The news that I would be the one to give voice to his words made me forget my uncertain professional future for a few days, a future which the regime’s arbitrary decision has put in jeopardy, preventng me from working as an actress, even though I have always lived and developed my career as such in the country mostly.
With its secondary office at the Hannah Arendt International Institute for Artivism (INSTAR), led by Tania Bruguera, this theoretical event took place on Sunday and a considerable number of artists, academics and vendors attended, not only from Cuba, but from different countries such as Brazil, Norway, Denmark, Mexico, Spain and the US.
In this paper, Mosquera carries out a meticulate analysis of the Cuban government’s political maneuvers, by way of the founding and developing the Havana Biennial, which aimed to establish a South-South interaction, to connect artists in this hemisphere (the majority, he says), but really it aspired to transform Cuba into the leader of the Cold War, within the so-called Third World.
It’s interesting to read what Mosquera writes when he remembers the origins of the Havana Biennial: “If we are marginalized, we will create our own space.” He was refering to the isolation the US government had put Cuba in. However, I imagine this is the same reason which drove the #00 Havana Biennial’s founders to rebel against Cuban institutions’ own exclusion, who govern over what art needs to portray and create in an authoritarian manner, without taking artists’ needs and much less the public’s, into account.

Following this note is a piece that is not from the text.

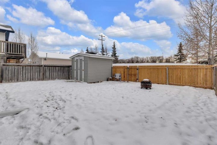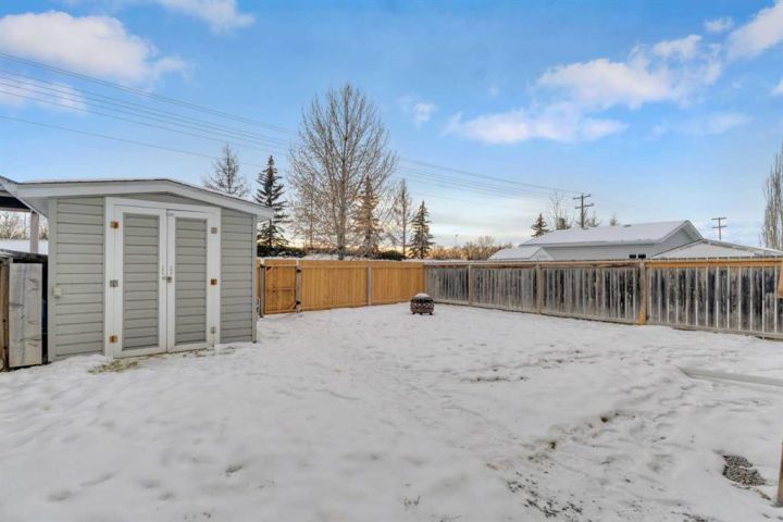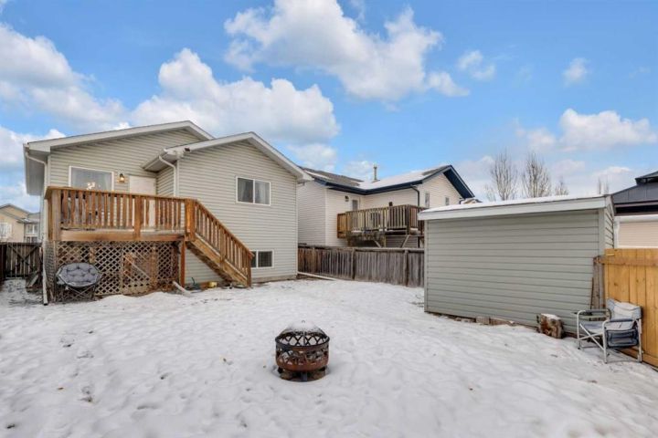 Discover an excellent opportunity to own a well-kept home in the highly sought-after South end of Red Deer just minutes from Starbucks, the Oxbow off-leash dog park, Don Campbell Elementary School, parks, & numerous amenities. The spacious front entry welcomes you with a convenient coat closet and plenty of room to put a seating bench if desired. The main floor offers a generous living room with laminate flooring, leading into a bright kitchen featuring new stainless-steel appliances (2025), a full tile backsplash, and an eating bar. The adjoining dining area provides direct access to the south-facing deck & yard. The fully fenced yard includes a storage shed, off-street parking with alley access, and ample space for a future garage. Completing the main level are two bedrooms and a full bathroom. The lower level is fully developed with two additional bedrooms, a second full bathroom, a laundry/mechanical room, and plenty of storage. Recent updates include new shingles and a hot water tank in 2024. Don't miss a fantastic opportunity to own an affordable single-family home in a great location.

As a result, the Havana Biennal has become the fifth ongoing international biennial in the world today. However, Mosquera, one of its founders, was never invited again. He also says that the rest of the official organizers continue to be the same group who set out with this project in the beginning and that they have no desire to change it.
This was made perfectly clearing when the Berlin Wall came down: “Cuba was unable to reinvent itself in the post-Cold War era. Instead of responding to new and challenging times, it introduced minor changes to keep everything the same,” Mosquera mentions. Therefore, the Biennial was created within the Revolution’s utopiam which fit in with the community, with a participatory atmosphere, where students collaborated with artists voluntarily, in search of new talents and giving them an opportunity to exhibit their work, but it ended up becoming an arts market.
Mosquera draws our attention to how the #00 Biennial organizers’ bold act, which could learn from past experience, advocating for them: “to not impose a unilateral Messianism”, and goes on to add: “they have to remove themselves from the obsession of “changer la vie” which drives the utopia towards an authoritarian lack of reality.
He also quoted Eliseo Diego: “maybe the best reason to create a biennial is to want to make an exhibition, which doesn’t exist, come to life, and decide to make it yourself.”
In doing so, Cuba’s utopia will continue to take place until May 15th in Havana’s homes/galleries, in the Old Havana, Cerro, Playa, Vedado, East Havana, Marianao, Central Havana and even in Miami.